[Data excerpts]
----

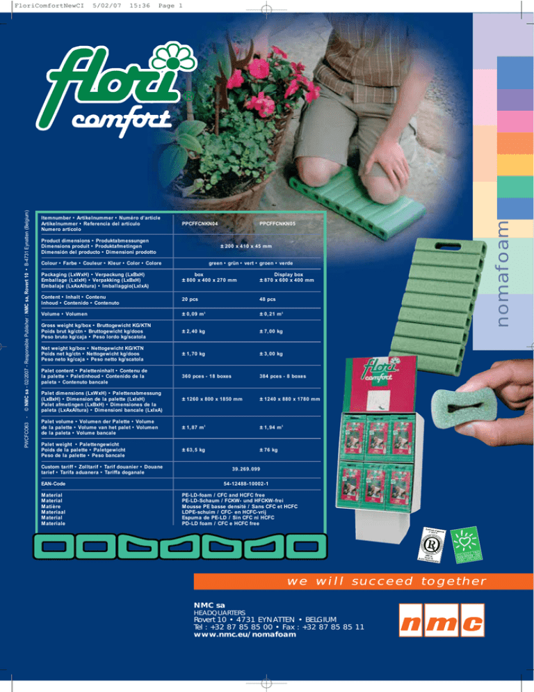 PWCFCO63 - 5/02/07 15:36 Page 1 Itemnumber • Artikelnummer • Numéro d’article Artikelnummer • Referencia del artículo Numero articolo PPCFFCNKN04 Product dimensions • Produktabmessungen Dimensions produit • Produktafmetingen Dimensión del producto • Dimensioni prodotto PPCFFCNKN05 ± 200 x 410 x 45 mm Colour • Farbe • Couleur • Kleur • Color • Colore green • grün • vert • groen • verde Packaging (LxWxH) • Verpackung (LxBxH) Emballage (LxIxH) • Verpakking (LxBxH) Embalaje (LxAxAltura) • Imballaggio(LxIxA) box ± 800 x 400 x 270 mm Display box ± 870 x 600 x 400 mm Content • Inhalt • Contenu Inhoud • Contenido • Contenuto 20 pcs 48 pcs Volume • Volumen ± 0,09 m3 ± 0,21 m3 Gross weight kg/box • Bruttogewicht KG/KTN Poids brut kg/ctn • Bruttogewicht kg/doos Peso bruto kg/caja • Peso lordo kg/scatola ± 2,40 kg ± 7,00 kg Net weight kg/box • Nettogewicht KG/KTN Poids net kg/ctn • Nettogewicht kg/doos Peso neto kg/caja • Peso netto kg/scatola ± 1,70 kg ± 3,00 kg Palet content • Paletteninhalt • Contenu de la palette • Paletinhoud • Contenido de la paleta • Contenuto bancale 360 pces - 18 boxes 384 pces - 8 boxes ± 1260 x 800 x 1850 mm ± 1240 x 880 x 1780 mm Palet volume • Volumen der Palette • Volume de la palette • Volume van het palet • Volumen de la paleta • Volume bancale ± 1,87 m3 ± 1,94 m3 Palet weight • Palettengewicht Poids de la palette • Paletgewicht Peso de la palette • Peso bancale ± 63,5 kg ± 76 kg Palet dimensions (LxWxH) • Palettenabmessung (LxBxH) • Dimension de la palette (LxIxH) Palet afmetingen (LxBxH) • Dimensiones de la paleta (LxAxAltura) • Dimensioni bancale (LxIxA) Custom tariff • Zolltarif • Tarif douanier • Douane tarief • Tarifa aduanera • Tariffa doganale EAN-Code Material Material Matière Materiaal Material Materiale 39.269.099 54-12488-10002-1 PE-LD-foam / CFC and HCFC free PE-LD-Schaum / FCKW- und HFCKW-frei Mousse PE basse densité / Sans CFC et HCFC LDPE-schuim / CFC- en HCFC-vrij Espuma de PE-LD / Sin CFC ni HCFC PD-LD foam / CFC e HCFC free we will succeed together NMC sa HEADQUARTERS Rovert 10 • 4731 EYNATTEN • BELGIUM Tel : +32 87 85 85 00 • Fax : +32 87 85 85 11 www.nmc.eu/nomafoam nomafoam © NMC sa - 02/2007 - Responsible Publisher : NMC sa, Rovert 10 • B-4731 Eynatten (Belgium) FloriComfortNewCI
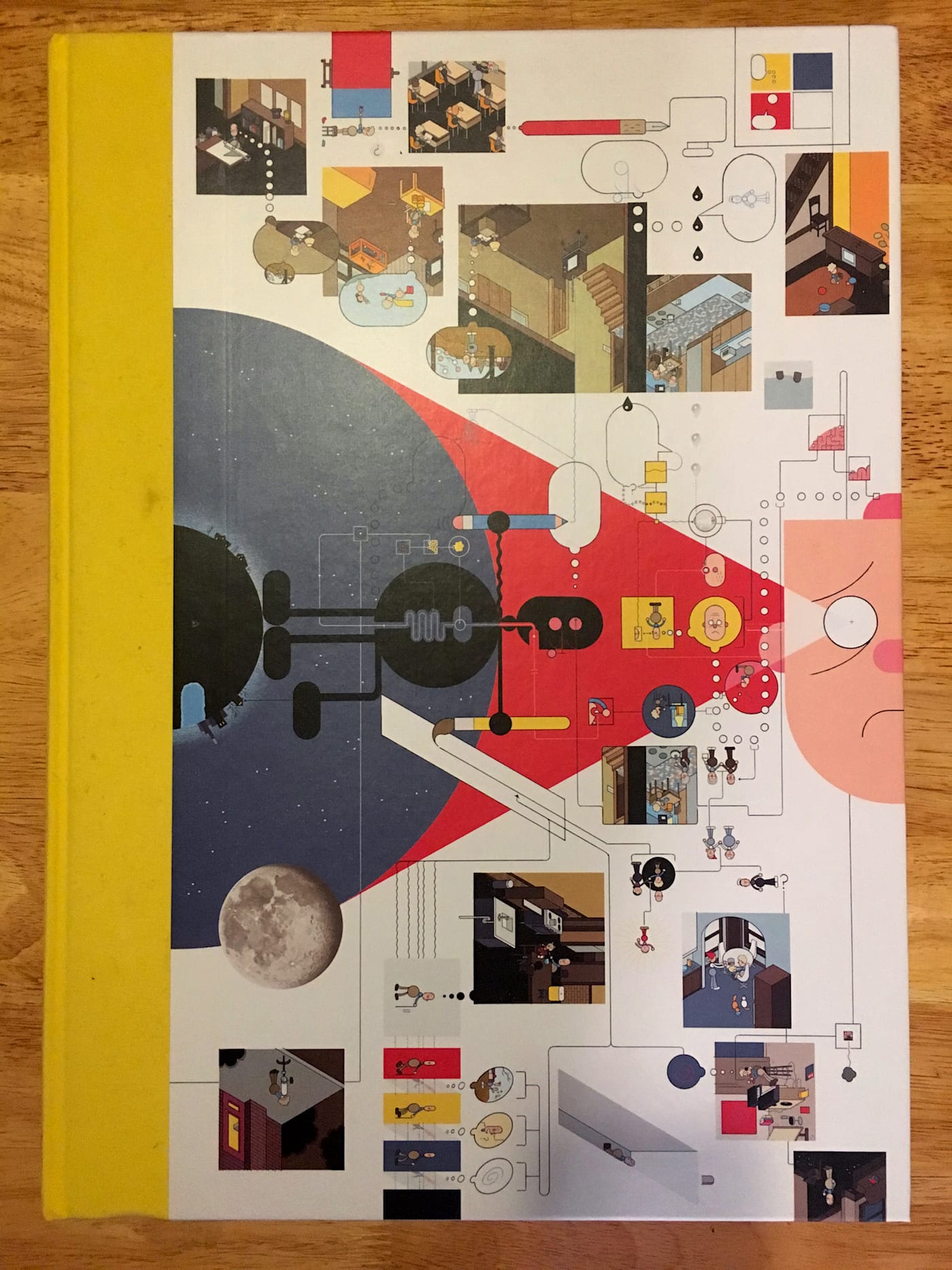 Graphic novelist Chris Ware is known for his dense, satirical, and self-deprecating stories. Often unconventionally designed, his books require close physical proximity to make out his miniature figures and text, twisting the book around to read the panels; some even take the form of boxes full of other books, as with Building Stories. His latest book, Monograph, measures 18 by 13 inches and weighs over seven pounds. The size is nostalgic of large-format newsprint comics. But unlike those fragile pages, this book is sturdy, hardcover-bound, and meant to last.
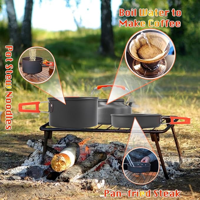 - Multifunctional Camping Pot Cooking Set🎯: Our Camping Cooking Set Is the Ideal Choice for Outdoor Activities. It Includes a Comprehensive Set of Cooking Tools, Such As Pots, Pans, Kettles, Multiple Transparent Bowls, Collapsible Soup Spoons, Rice Spatulas, and Cleaning Sponges. This Set Is Not Only Suitable for Boiling Water and Cooking But Also Perfect for Enjoying Delicious Camping Meals, and Handcrafted Coffee. So It's the Camping Gear Must Haves and Also for Rv Camping Must Haves.
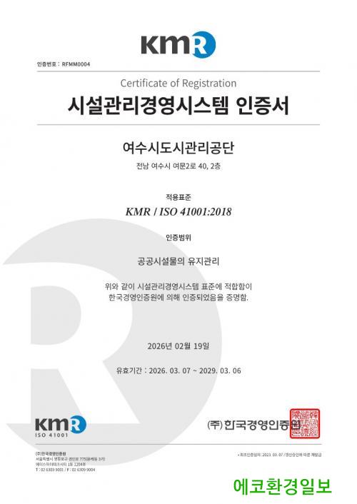 °ø´ÜÀº Áö³ 11ÀϺÎÅÍ 12ÀϱîÁö ¾çÀϰ£ ÁøÇàµÈ ÇöÀå ½É»ç¸¦ ÅëÇØ °ø¿µÁÖÂ÷Àå, Àå¾ÖÀα¹¹ÎüÀ°¼¾ÅÍ, Áø³²¼ö¿µÀå, ȯ°æÀÚ¿ø»ç¾÷¼Ò µî ÁÖ¿ä »ç¾÷¼ÒÀÇ À¯Áö°ü¸® ½Ã½ºÅÛÀ» ¸é¹ÐÈ÷ °ËÁõ¹Þ¾Ò´Ù. À̹ø ÀçÀÎÁõÀº 2023³â ÃÖÃÊ Ãëµæ ÀÌÈÄ 3³â ÁÖ±âÀÇ Á¤±â °»½Å ½É»ç¸¦ ÅëÇØ ÀÌ·ïÁ³À¸¸ç, ½Ã¼³ °ü¸® ÇÁ·Î¼¼½ºÀÇ ÀûÁ¤¼º°ú ¹ý±Ô Áؼö ½ÇÅ µî Àü Ç׸ñ¿¡¼ ¿ì¼öÇÑ Æò°¡¸¦ ¹Þ¾Æ ÀÎÁõ À¯È¿±â°£À» 2029³â 3¿ù±îÁö ¿¬ÀåÇÏ°Ô µÆ´Ù.
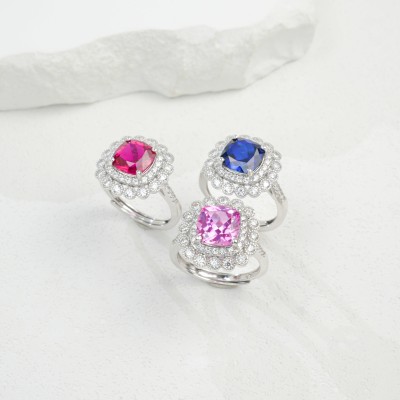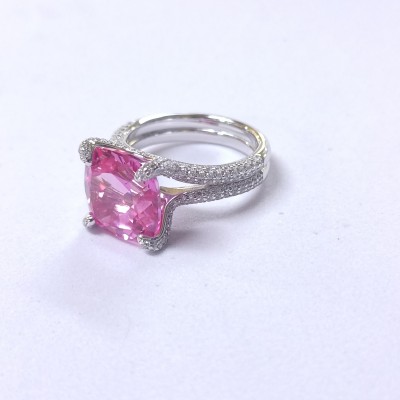 925银立方氧化锆粉色戒指
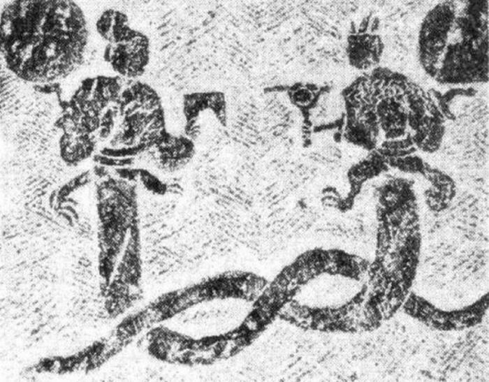 在河南出土的一块石头上,刻有一幅伏羲女娲图。这幅图的前面刻有两朵烟,象征着夫妻的结合。在汉朝的墓石上,伏羲和女娲的画像做了交尾状,上面把伏羲画成了鱼鳞身躯,女娲则是蛇形身躯,以此,暗示蛇神和女神的意思。
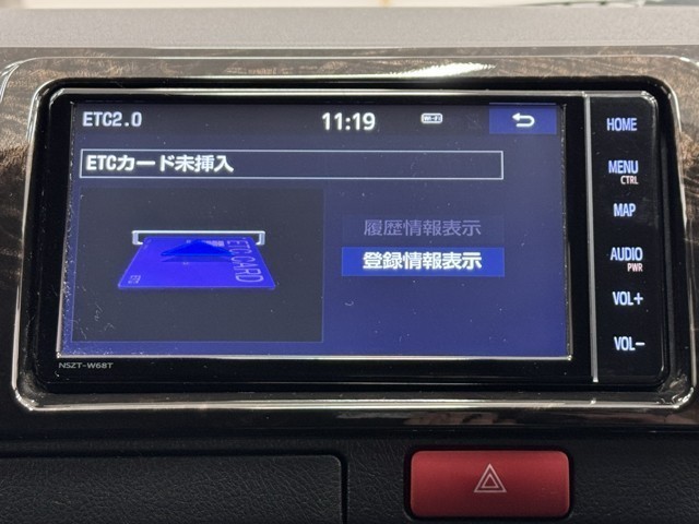 ナビ画面に連動したETCを装備しています。 過去に利用した利用料金も一目で分かって、とっても便利です。 ETCの抜き忘れ、挿し忘れも警告してくれるので安心ですね。
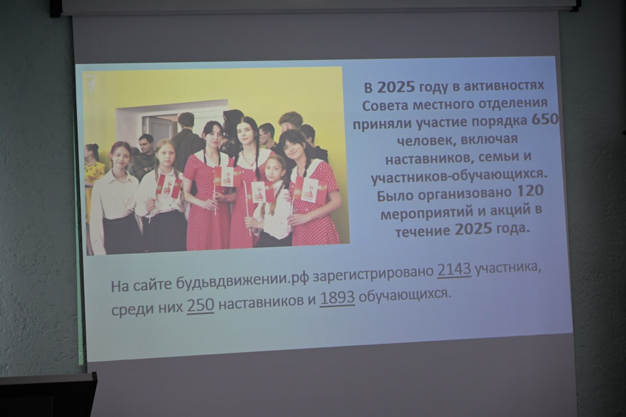 "Сегодня в городе действует 11 первичных отделений: 9 на базе общеобразовательных школ и 2 – на базе учреждений среднего профессионального образования. На официальном сайте будьвдвижении.рф от Брянки зарегистрировано 2143 участника, среди которых 250 наставников и 1893 обучающихся. В 2025 году в активностях совета местного отделения приняли участие порядка 650 человек – это не только школьники, но и их наставники, семьи активистов. За год было организовано около 120 мероприятий и акций.
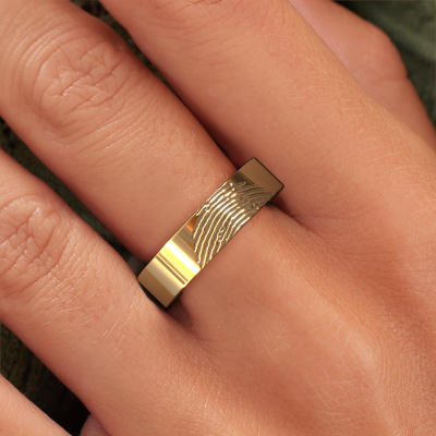 Wat is er unieker dan een vingerafdruk? Daarom is deze gouden dames trouwring ook zo bijzonder. De eigen afdruk van je geliefde, gegraveerd in het symbool van jullie eeuwige liefde voor elkaar. Hoe mooi is dat om deze trendy trouwring om de vinger van je partner te schuiven op jullie huwelijksdag? Hoe het werkt? Je besteld eerst de trouwring zoals je hem wilt hebben. Nadat je hem besteld hebt, stuur je ons een email met de vingerafdruk. Hoe je die maakt, kun je lezen onderaan deze pagina in onze kennisbank. De breedte van deze Bernice trouwring is ±5 mm. In ons gespecialiseerde team verwerkt de sieradenontwerper jouw trouwring tot een 3D ontwerp. Wanneer je wilt, kun je hier ook een dummy van bestellen, zodat je de trouwring al van tevoren kunt zien en passen. Onze goudsmid werkt vervolgens in ons atelier met de hand om heel nauwkeurig jouw unieke ring te vervaardigen. Een heel secuur werkje, zowel het vervaardigen als de afwerking vragen een scherp oog. En dat is het mooie van het vak, want uiteindelijk is jouw unieke trouwring het resultaat van een echt ambacht, dat met veel passie uitgevoerd wordt!Laat je gerust inspireren door onze modellen. Je kunt deze trouwring ook nog verder aanpassen: breder of smaller, glimmend of juist mat? Geen probleem! Ook als je zelf ideeën hebt voor bijzondere trouwringen, staan onze sieradenontwerpers graag voor je klaar om je droomring verder uit te werken. Neem gerust met ons contact op!Door de modernste technieken, gecombineerd met ambachtelijk handwerk, kunnen wij je trouwringen leveren voor een prijs die altijd 30% goedkoper is. Ook doordat we alle trouwringen zelf gaan maken, zodra een bestelling komt, hebben we geen dure voorraden en kunnen we daardoor jou de beste prijsgarantie geven, voor juwelierskwaliteit!Om het voor jou makkelijker te maken kun je ieder besteld sieraad binnen 30 dagen na aflevering eenvoudig weer retour sturen.
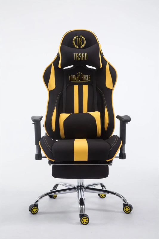 In And OutdoorMatch Boris Bürostuhl - Schwarz und Gelb - Stoff - Fußstütze - Hochwertige Polsterung - Exklusiver Bürostuhl - Luxuriöses Erscheinungsbild
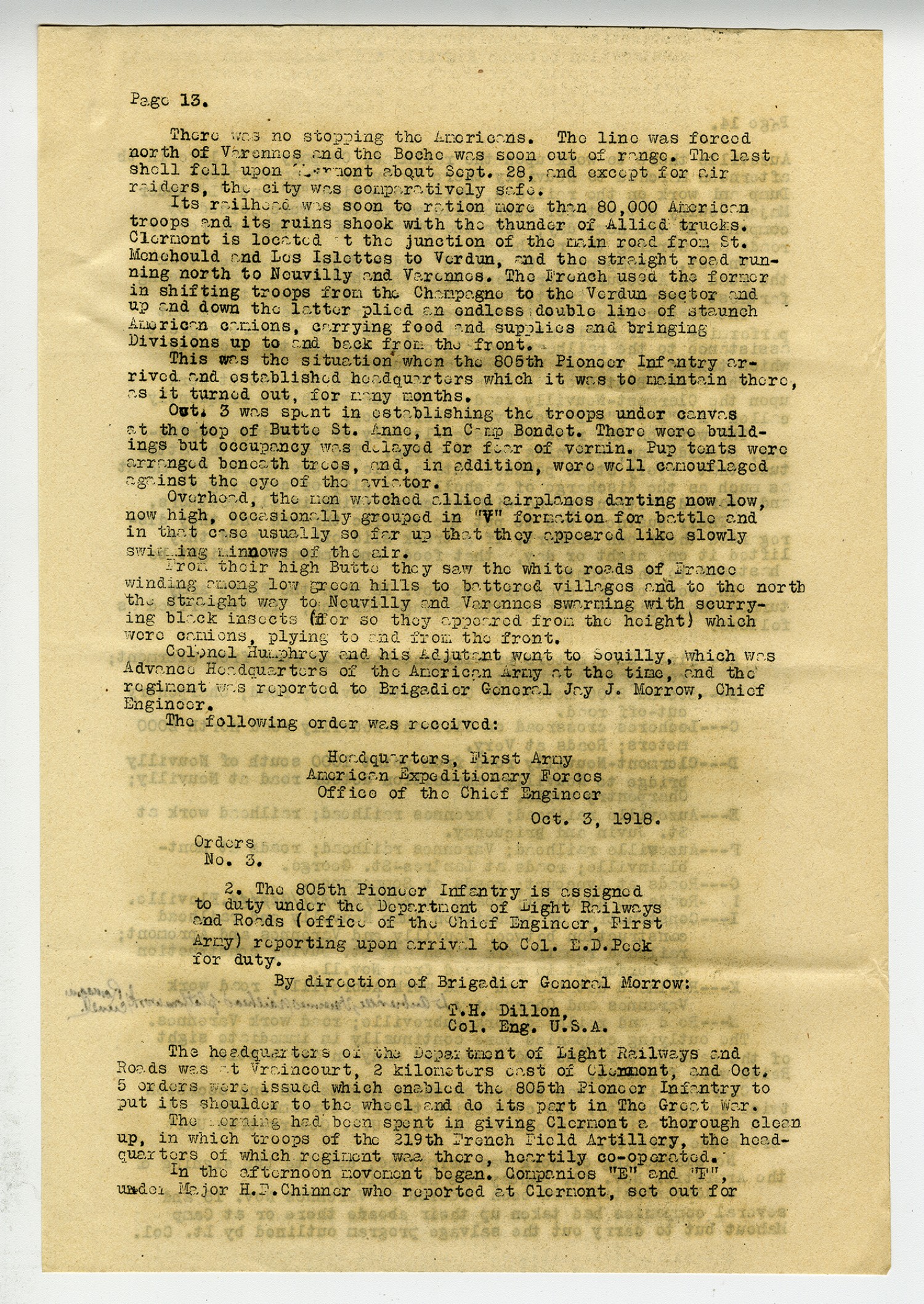 [Page 13] There was no stopping the Americans. The line was forced north of Varennes and the Boche was soon out of range. The last shell fell upon Chermont about [September] 28, and except for air raiders, the city was comparatively safe. Its railhead was soon to ration more than 80,000 American troops and its ruins shook with the thunder of Allied trucks. Clermont is located at the junction of the main road from St. Menehould and Lost Islettes to Verdun, and the straight road running north to Neuvilly and Varennes. The French used the former in shifting troops from the Champagne to the Verdun sector and up and down the latter plied and endless double line of staunch American camions, carrying food and supplies and bringing Divisions up to and back from the front. This was the situation when the 805th Pioneer Infantry arrived and established headquarters which it was to maintain there, as it turned out, for many months. [October] 3 was spent in establishing the troops under canvas at the top of Butte St. Anne, in Camp Bondet. There was buildings but occupancy was delayed for fear of Vermin. Pup tents were arranged beneath traces, and, in addition, were well camouflaged against the eye of the aviator. Overhead, the men watched allied airplanes darting now low, now high, occasionally grouped in

----

* Instructions for the task: From the records above, return exactly the lines running from the one that contains "3¿ù±îÁö ¿¬ÀåÇÏ°Ô µÆ´Ù." down to the one that contains "мероприятий и акций.", both included, without any pictures.

* Expected output:
 °ø´ÜÀº Áö³ 11ÀϺÎÅÍ 12ÀϱîÁö ¾çÀϰ£ ÁøÇàµÈ ÇöÀå ½É»ç¸¦ ÅëÇØ °ø¿µÁÖÂ÷Àå, Àå¾ÖÀα¹¹ÎüÀ°¼¾ÅÍ, Áø³²¼ö¿µÀå, ȯ°æÀÚ¿ø»ç¾÷¼Ò µî ÁÖ¿ä »ç¾÷¼ÒÀÇ À¯Áö°ü¸® ½Ã½ºÅÛÀ» ¸é¹ÐÈ÷ °ËÁõ¹Þ¾Ò´Ù. À̹ø ÀçÀÎÁõÀº 2023³â ÃÖÃÊ Ãëµæ ÀÌÈÄ 3³â ÁÖ±âÀÇ Á¤±â °»½Å ½É»ç¸¦ ÅëÇØ ÀÌ·ïÁ³À¸¸ç, ½Ã¼³ °ü¸® ÇÁ·Î¼¼½ºÀÇ ÀûÁ¤¼º°ú ¹ý±Ô Áؼö ½ÇÅ µî Àü Ç׸ñ¿¡¼ ¿ì¼öÇÑ Æò°¡¸¦ ¹Þ¾Æ ÀÎÁõ À¯È¿±â°£À» 2029³â 3¿ù±îÁö ¿¬ÀåÇÏ°Ô µÆ´Ù.
 925银立方氧化锆粉色戒指
 在河南出土的一块石头上,刻有一幅伏羲女娲图。这幅图的前面刻有两朵烟,象征着夫妻的结合。在汉朝的墓石上,伏羲和女娲的画像做了交尾状,上面把伏羲画成了鱼鳞身躯,女娲则是蛇形身躯,以此,暗示蛇神和女神的意思。
 ナビ画面に連動したETCを装備しています。 過去に利用した利用料金も一目で分かって、とっても便利です。 ETCの抜き忘れ、挿し忘れも警告してくれるので安心ですね。
 "Сегодня в городе действует 11 первичных отделений: 9 на базе общеобразовательных школ и 2 – на базе учреждений среднего профессионального образования. На официальном сайте будьвдвижении.рф от Брянки зарегистрировано 2143 участника, среди которых 250 наставников и 1893 обучающихся. В 2025 году в активностях совета местного отделения приняли участие порядка 650 человек – это не только школьники, но и их наставники, семьи активистов. За год было организовано около 120 мероприятий и акций.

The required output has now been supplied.